Half of the patients with brain tumours who were enrolled in the fMRI study had their treatment strategies altered after the critical motor and language regions of the brain were identified prior to surgery. "In patients who underwent fMRI, neurosurgeons estimated that more tumour was removed at surgery, operations were shorter and skull incisions were smaller, compared with what they would have had if the fMRI data were not available," said Jeffrey Petrella, associate professor of radiology in the neuroradiology division at Duke.

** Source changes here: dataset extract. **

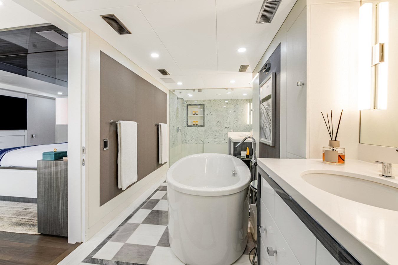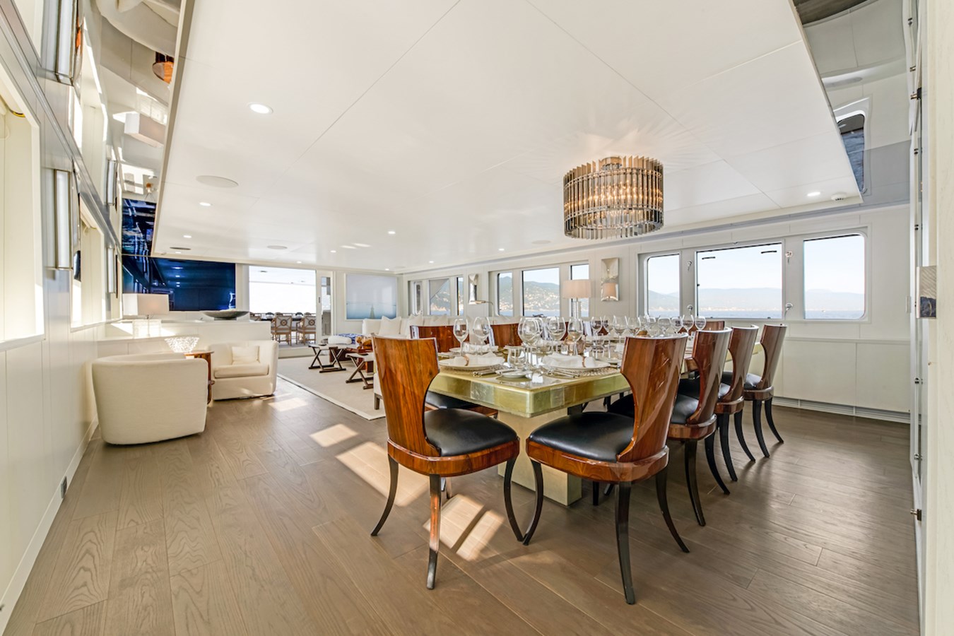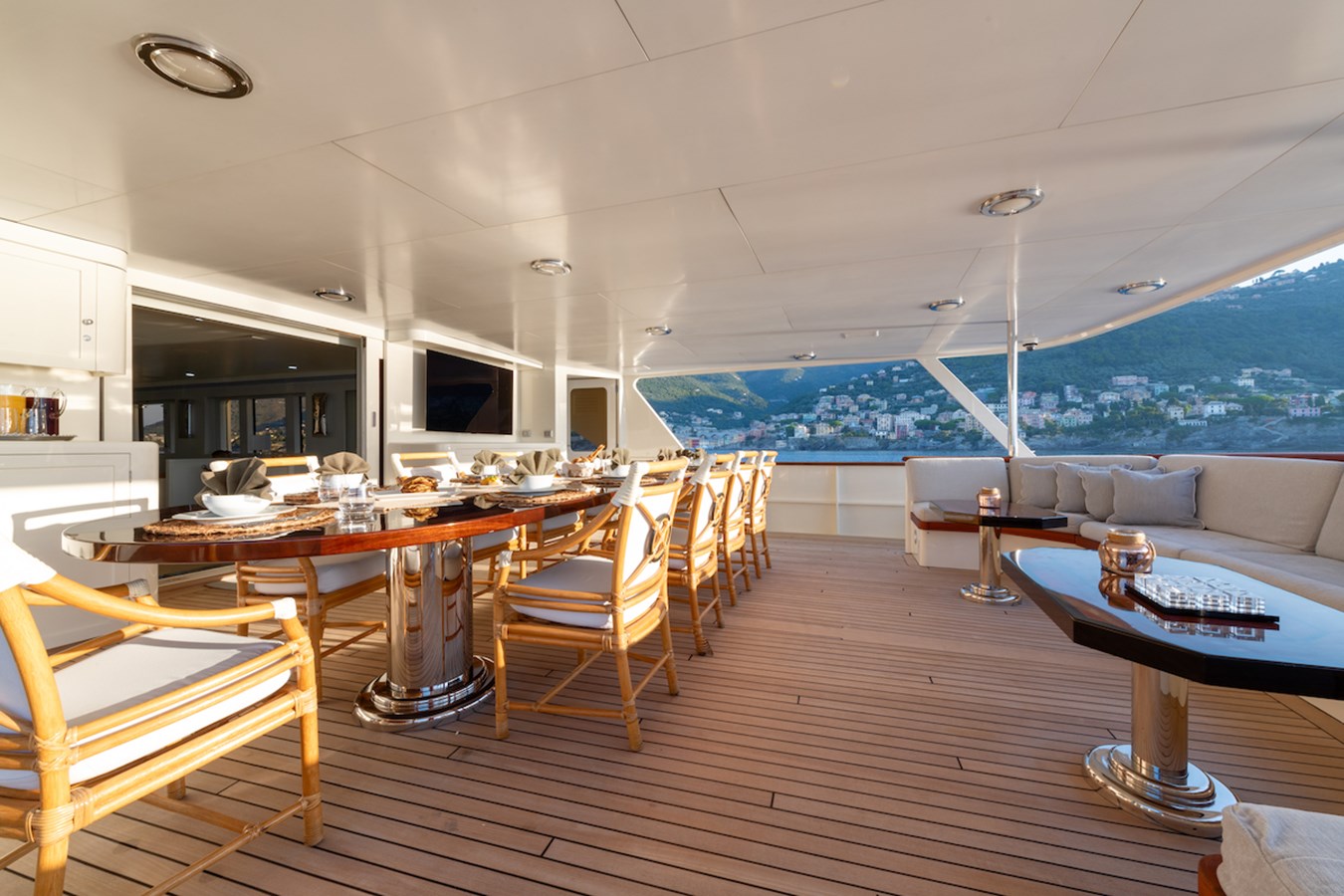 Highlights of her design include a sun deck with Jacuzzi, a social and versatile upper deck space, an al fresco dining area on the bridge deck, and accommodation for 12 guests in six cabins.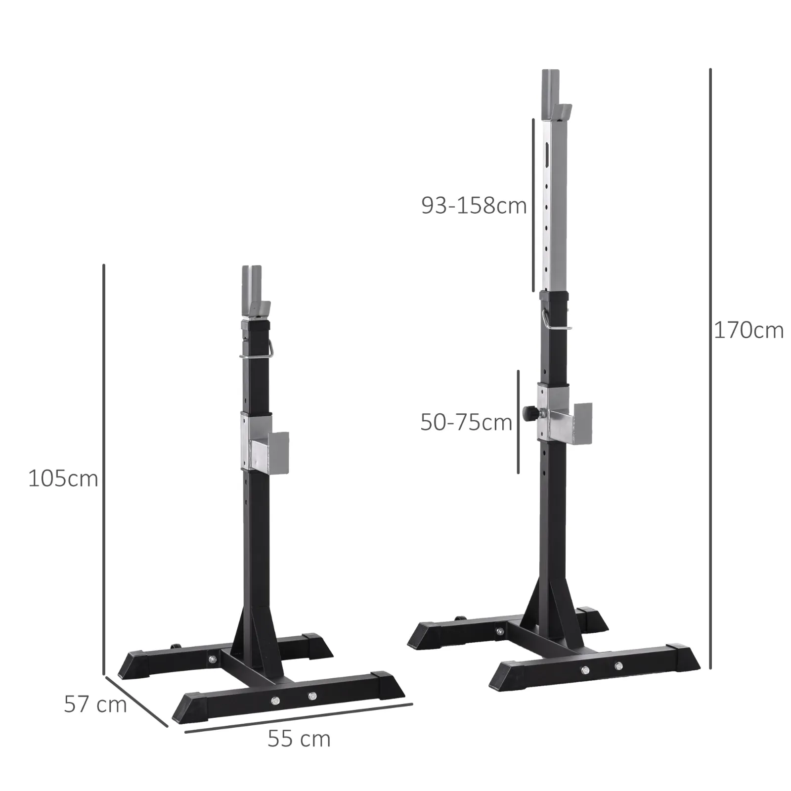 Do you want to improve your strength and physical fitness? Try the Homcom barbell rack, you can use it in any environment! It is equipped with 2 hooks to support 2 barbells simultaneously and are adjustable in height. The solid H -shaped base offers maximum stability to train safely. The non -slip feet make the rocker support more stable and protect the floor from scratches.

In the study, 39 patients diagnosed with potentially operable brain tumours were evaluated with fMRI of the brain (Radiology 240 793). During the imaging exam, they performed sentence-completion tasks to map areas of the brain involved in language function, and hand-squeezing tasks to detect sensory motor areas. The entire procedure, including the time it took to train patients and acquire the images, took less than one hour.

The researchers found that in 19 of 39 patients, the surgeons significantly changed their treatment plans after receiving the fMRI findings. Of the 19 patients, 18 underwent more aggressive approaches than originally planned.

None of the patients in the study showed post-operative speech or motor deficits and Petrella feels that fMRI offers real benefits to patient outcome. He told medicalphysicsweb: "Though we have not directly proved that this new information is of benefit to patients, the fact that our fMRI request volume continues to increase over time indicates that the technology has gained acceptance - which suggests a benefit on some level."

Despite its apparent benefits, however, fMRI is still not widely used. "In the US, I would estimate that about 50 centres are doing it routinely in the clinical environment, yet there are likely well over a thousand centres with the capability to do it," said Petrella. He believes that the major hurdle to wider take-up is not the availability of hardware or software but a lack of experience of how to administer a task, and then process and interpret the images.

Petrella acknowledges that future studies focusing on the outcome of patients who undergo preoperative fMRI imaging are still needed, though such investigations will be difficult to perform for ethical reasons. The next step in his research would be to assess whether patient outcomes are actually improved in a large multicentre trial with a control group. "However, this sort of trial raises ethical concerns, especially for neurosurgeons who believe that fMRI could have a beneficial effect on their patients," he said. "Such neurosurgeons may feel uncomfortable denying the technology to a given patient solely on the basis of randomization to the control group who does not undergo fMRI."

Briefing: What is fMRI?

While MRI is a technique for examining brain anatomy, fMRI allows clinicians to examine the brain in action (i.e. while performing a particular task). fMRI can be performed on a 1.5 T MR scanner. However, the scanner must be equipped with strong and fast gradients capable of performing echo-planar imaging.

Many, if not most, state-of-the-art commercial systems are capable of this. In addition to the scanner, it must be possible to present stimuli to patients (e.g. using a within-scanner projection system or a set of MR-compatible audiovisual goggles).

fMRI uses rapid echoplanar or spiral imaging - of the order of 20 brain slices per second - to image the entire brain repeatedly every 1–2 s. The images are sensitive to changes in blood oxygenation, which reflects the level of brain activity in a particular region while performing a task.